The issue stems from how data is reshaped within my replay buffer Transform class I’ve traced the error to a specific section of the TorchRL source code responsible for reshaping TensorDicts. The current logic seems to handle multi-agent batches correctly but collapses or misinterprets dimensions when a single agent is present. Could you clarify the intended design for reshaping dimensions in this context? I have detailed the specific line of code and the resulting error below.

To Reproduce

Steps to reproduce the behavior.

from torchrl.modules import ProbabilisticActor, MLP
from core.transform_data import TransformRB
from torchrl.data import TensorDictReplayBuffer, LazyTensorStorage, RandomSampler
from torchrl.collectors import SyncDataCollector
from torchrl.envs import PettingZooWrapper, Transform, TransformedEnv, DTypeCastTransform
from pettingzoo.butterfly import knights_archers_zombies_v10
from tensordict.nn import TensorDictModule
import torch
import math
    
def _create_env(**kwargs):

    env = knights_archers_zombies_v10.parallel_env(**{
        key: kwargs[key] for key in [
            "render_mode", "num_archers", "num_knights", "max_zombies",
            "spawn_rate", "max_arrows", "vector_state", "use_typemasks"
        ]
    })
    group_map = {}
    if kwargs.get("num_knights", 0) > 0:
        group_map["knights"] = []
    if kwargs.get("num_archers", 0) > 0:
        group_map["archers"] = [] 
    
    for agent in env.possible_agents:
        type, id = agent.split("_")
        if type == "archer":
            group_map["archers"].append(agent)
        elif type == "knight":
            group_map["knights"].append(agent)
        else:
            ValueError("Wrong agent type")

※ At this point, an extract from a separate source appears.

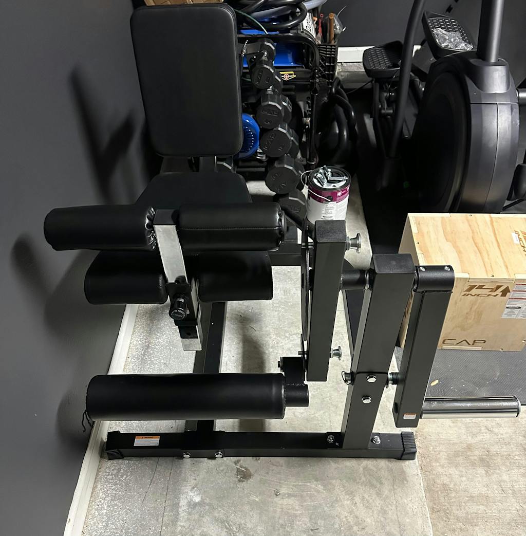- Easy adjust between hamstring curls and leg extensions by rotary leg clamp mechanism and pop pins

    env = PettingZooWrapper(
        env,
        return_state=kwargs.get("return_state"),
        group_map=group_map,
        use_mask=kwargs.get("use_mask"),
        categorical_actions=kwargs.get("categorical_actions"),
        done_on_any=kwargs.get("done_on_any"),
    )
    return TransformedEnv(env,DTypeCastTransform(torch.float64, torch.float32))

class ActorModel(torch.nn.Module):
    def __init__(self, input_shape, output_dim, device, hidden_dim=256, depth=3):
        super().__init__()
        self.flatten = torch.nn.Flatten(-2)
        self.mlp = MLP(
            in_features=input_shape,
            out_features=output_dim,
            num_cells=hidden_dim,
            depth=depth,
            device=device
        )

    def forward(self, x):
        x = self.flatten(x)
        return self.mlp(x)

class TransformRB(Transform):
    def __init__(self, agent_group_name):
        super().__init__()
        self.agent_name = agent_group_name
    
    def _inv_call(self, tensordict):
        tensordict = super()._inv_call(tensordict)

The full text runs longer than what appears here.